Is it fair say that The A-MAZE-N-TUBE-SMOKER and A-MAZE-N-PELLET-SMOKER doesn't work with a charcoal cooker setup to run at barbecue temperatures?


----------



## daveomak (Sep 19, 2015)

If you run something like a Weber, with the lid closed, the charcoal is sucking up all the oxygen so there's noting left for the pellets...  

If you wanted to fabricate a tube of sorts, you could use the tube smoker...   Something like this would work....  outside air....  smoke entering ABOVE the burning pellets so the smoke wasn't consumed...  














AMNTS mod to a Weber.jpg



__ daveomak
__ Sep 19, 2015


----------



## weq2 (Sep 19, 2015)

Now you have me thinking; awhile back I tried something very similar to what you described.

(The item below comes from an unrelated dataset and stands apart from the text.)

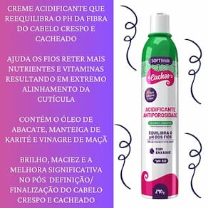 Creme Acidificante Antiporosidade Para Cachos Mais Definidos Creme Acidificante Antiporosidade para Cachos Soft Hair: Solução Completa para Cabelos Saudáveis e Definidos Você está em busca de uma solução eficaz para controlar a porosidade dos seus cabelos cacheados e manter os fios saudáveis e bem definidos O Creme Acidificante Antiporosidade para Cachos Soft Hair é o produto ideal para equilibrar o pH dos seus fios, selar as cutículas e garantir cachos macios, sem frizz e profundamente hidratados. O Creme Acidificante Cachos Soft Hair contém o Óleo de Abacate, de Karité e Vinagre de Maçã que, juntos, reequilibram o pH da fibra do cabelo crespo e cacheado, fazendo com que os fios retenham mais nutrientes e vitaminas resultando em extremo alinhamento da cutícula, brilho, maciez e a melhora significativa no pós definição/finalização do cabelo crespo e cacheado. O Creme Acidificante Cachos Soft Hair está na faixa de pH indicada de 3,0 a 4,0 que atua no fechamento das escamas da cutícula preservando a cor, nutrientes e a saúde dos fios É necessário enxaguar. Indicação de Uso: Cabelos cacheados e crespos A, B e C com danos químicos e mecânicos leves e moderados, com aspecto opaco, quebradiço e sem definição. ANVISA PROCESSO: 25351.106420/2024-25 AFE: 2.01236.1 Benefícios do Creme Acidificante para Cachos Redução da Porosidade: O creme acidificante ajuda a fechar as cutículas dos cabelos, reduzindo a porosidade e protegendo os fios contra danos externos. Cachos Definidos e Brilhantes: Ao selar as cutículas, o creme promove a definição dos cachos e aumenta o brilho, deixando os cabelos com aspecto saudável. Hidratação Profunda: Rico em ingredientes nutritivos, o creme proporciona uma hidratação intensa, essencial para cachos macios e maleáveis. PH Equilibrado: Manter o pH correto dos fios é crucial para a saúde capilar, e o creme acidificante faz isso com maestria, tornando seus cabelos mais fortes e resistentes. Por que a Porosidade Afeta tanto os Cachos A porosidade capilar é um dos principais vilões dos cabelos cacheados, pois compromete a capacidade dos fios de reter umidade. Cabelos com alta porosidade têm cutículas abertas, o que resulta em cachos ressecados, sem forma e propensos à quebra. O Creme Acidificante Antiporosidade Soft Hair age diretamente no fechamento dessas cutículas, garantindo uma estrutura capilar mais alinhada e saudável. Ativos principais O Creme Acidificante Antiporosidade Soft Hair combina ingredientes com a mais alta tecnologia capilar. Entre os componentes principais estão: Óleo de Abacate, de Karité e Vinagre de Maçã Como Usar o Creme Acidificante: Após o uso do Shampoo Cachos Soft Hair ou o de sua preferência, retire o excesso de água dos cabelos e aplique o Acidificante Cachos enluvando mecha a mecha por toda a extensão dos fios substituindo o uso do Condicionador. Deixe agir de 5 à 10 minutos e enxágue. Indicação de uso uma vez por semana ou conforme a necessidade dos fios. ---------------------------------------- Principais Tags de Pesquisa: Acidificação no cabelo cacheado, acidificação capilar cabelo cacheado, acidificação para cabelo cacheado, melhores acidificantes para cabelo cacheado, acidificação cachos, acidificação capilar para cabelos cacheados, acidificante para cabelo cacheado, acidificante cachos, acidificante cabelo cacheado, acidificação cabelo cacheado, melhor acidificante para cabelo cacheado, acidificante capilar cabelo cacheado, acidificante capilar cachos, acidificante capilar para cabelos cacheados, creme Acidificante antiporosidade, porosidade capilar, cachos definidos, controle de frizz, redução de porosidade, hidratação profunda, cabelos cacheados, equilíbrio do ph, cacho poroso

The problem I ran into was; The A-MAZE-N-TUBE-SMOKER inside of a larger tube didn't produce enough positive pressure to overcome the positive pressure inside the cooker.


----------



## tjohnson (Oct 2, 2015)

weQ2 said:


> Is it fair say that The A-MAZE-N-TUBE-SMOKER and A-MAZE-N-PELLET-SMOKER doesn't work with a charcoal cooker setup to run at barbecue temperatures?


If you place the Tube Smoker on the same level as the charcoal, it may have enough oxygen to burn

If you place the Tube Smoker above the charcoal, there is no oxygen

Todd


----------



## mikey nc (Dec 1, 2015)

I don't even know what an amazing tube is but if adjustment is 1 to 3 inches . sounds like vented air control ,would be answer, unless you're worried about quick overheat, and want to maintain a constant temperature


----------